SUPPLIED DATA Block Start

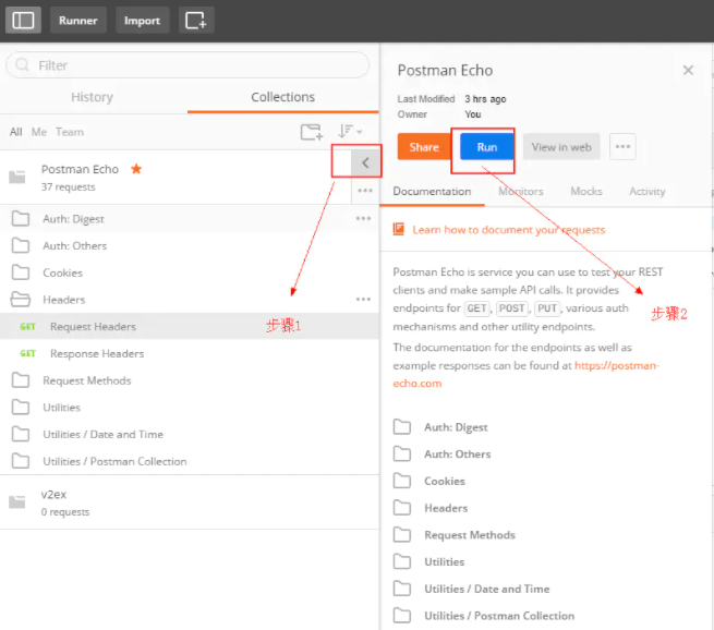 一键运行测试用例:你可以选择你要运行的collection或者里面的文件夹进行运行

SUPPLIED DATA Block End
SUPPLIED DATA Block Start

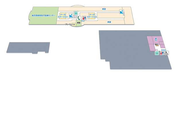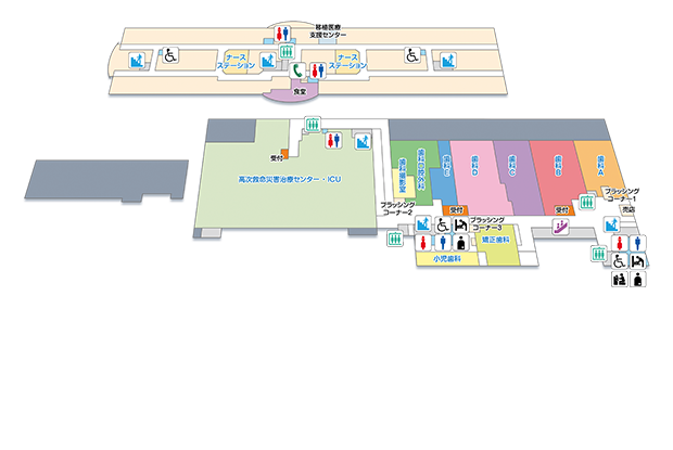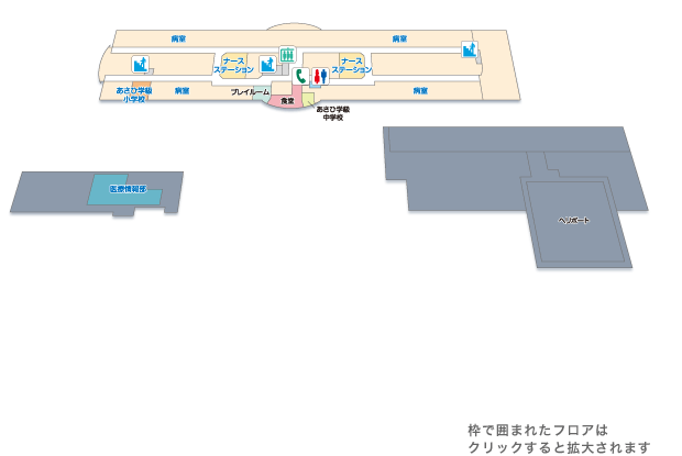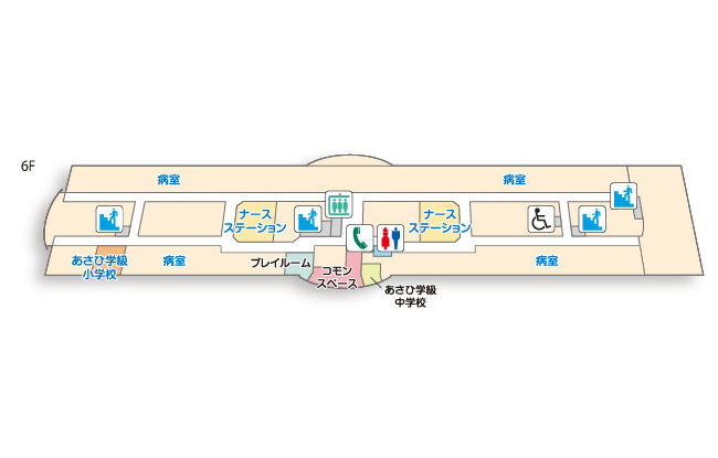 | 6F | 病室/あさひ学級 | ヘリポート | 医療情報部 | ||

SUPPLIED DATA Block End
SUPPLIED DATA Block Start

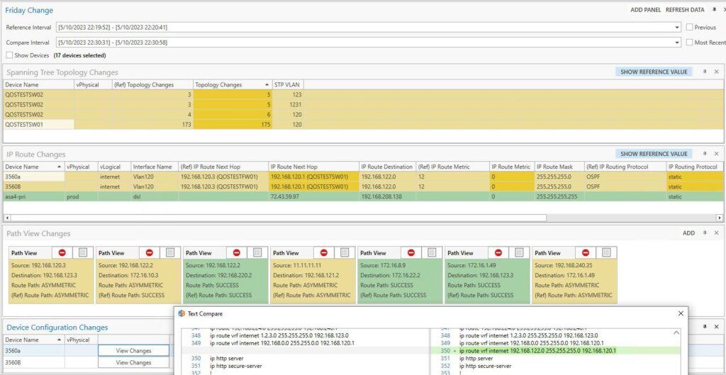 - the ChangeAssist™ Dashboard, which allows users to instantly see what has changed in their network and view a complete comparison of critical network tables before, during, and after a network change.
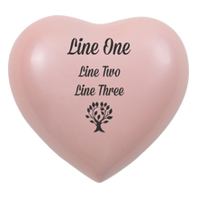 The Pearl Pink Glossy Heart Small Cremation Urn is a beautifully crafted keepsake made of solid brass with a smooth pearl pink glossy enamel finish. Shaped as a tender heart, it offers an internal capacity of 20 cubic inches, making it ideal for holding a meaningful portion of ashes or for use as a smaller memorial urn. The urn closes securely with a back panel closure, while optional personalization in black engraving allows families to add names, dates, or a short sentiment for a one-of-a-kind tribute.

SUPPLIED DATA Block End

### WHAT THE TASK ASKS
Return the stretch of data that begins with the line showing "- the ChangeAssist™" and goes on through the line showing "The Pearl Pink", exactly, with pictures removed.

### ANSWER
 - the ChangeAssist™ Dashboard, which allows users to instantly see what has changed in their network and view a complete comparison of critical network tables before, during, and after a network change.
 The Pearl Pink Glossy Heart Small Cremation Urn is a beautifully crafted keepsake made of solid brass with a smooth pearl pink glossy enamel finish. Shaped as a tender heart, it offers an internal capacity of 20 cubic inches, making it ideal for holding a meaningful portion of ashes or for use as a smaller memorial urn. The urn closes securely with a back panel closure, while optional personalization in black engraving allows families to add names, dates, or a short sentiment for a one-of-a-kind tribute.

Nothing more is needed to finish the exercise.